“Rock-solid” CoB-based sponge electrodes for overall seawater splitting at industrial-level current density

Abstract

Developing highly stable and economical non-precious metal catalytic electrodes is the core issue in solving the current problem of seawater electrolysis at industrial-scale current densities. In this work, a dense layer of cobalt–boron (CoB) nanospheres was in situ grown on the surface of hydrophilic polyurethane sponge (HPS) via a mild electroless plating method, constructing a high-activity, high-strength, self-supporting bifunctional CoB@HPS electrode compared with that obtained using the nickel foam substrate (NF). Based on its high specific surface area, abundant active sites, and porous hydrophilic structure, the HPS with the grown nano-spherical CoB exhibits significant electrochemical catalytic efficiency.
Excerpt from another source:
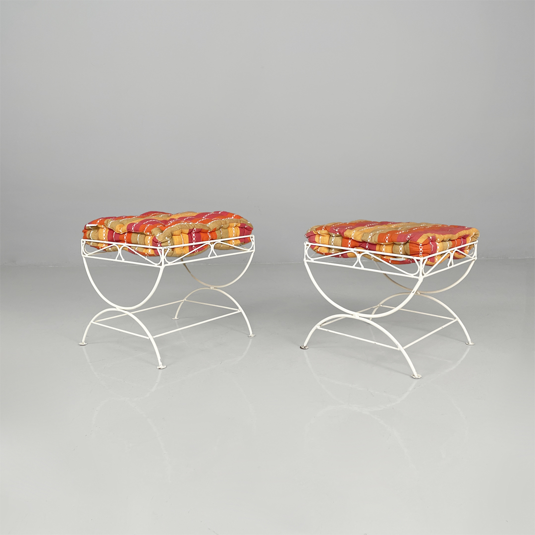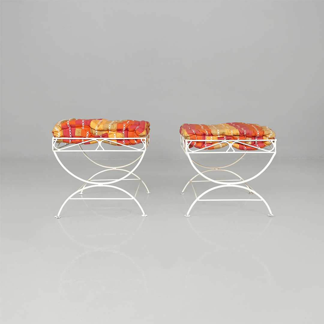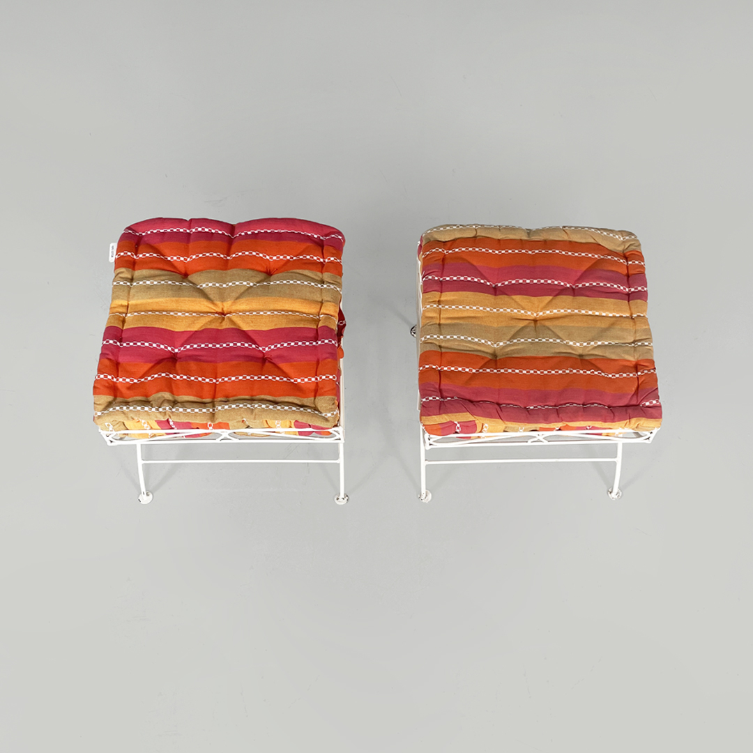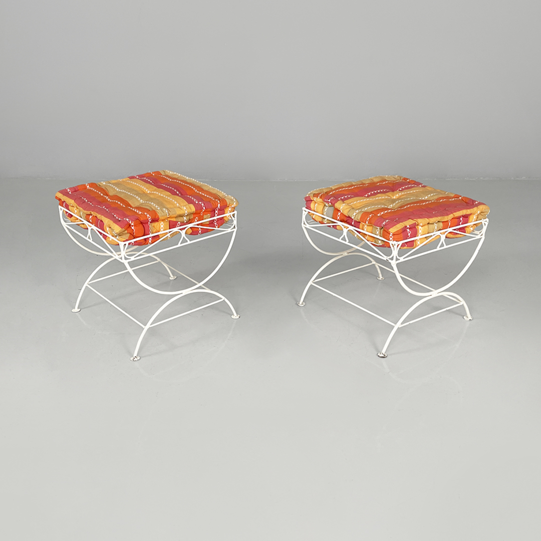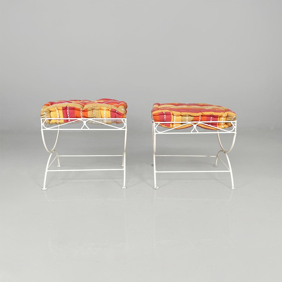 Coppia di sgabelli con struttura interamente realizzata in ferro battuto verniciato bianco. La seduta, la quale presenta un motivo decorativo, accoglie un cuscino quadrato rivestito in tessuto a righe dai colori caldi. Le zampe hanno forme curve e terminano con dei piedini tondi piatti. Adatte per essere usate in giardino o in esterno, oltre che per uso domestico interno.

Meanwhile, an efficient synergistic catalytic mechanism is established between the Co(OH)₂/CoOOH species and CoB. In the hydrogen evolution/oxygen evolution reaction (HER/OER) processes, overpotentials of only 19 and 199 mV are required to reach 10 mA cm⁻². This electrode requires only 1.60 V to promote overall water splitting (OWS) at a current density of 100 mA cm⁻², and it can continuously operate for more than 600 h at an industrial-scale current density of 500 mA cm⁻² without significant performance degradation. More attractively, this strategy has broad applicability in industry, enabling multi-element doping (iron/nickel/phosphorus), flexible substrate usage (nickel foam NF/hydrophilic cloth CC/hydrophobic asbestos HA/polyurethane plastic PU), and large-area construction (5.0 cm × 5.0 cm). This work provides a new strategy and theoretical support for constructing efficient and stable industrial-scale water electrolysis catalytic electrodes.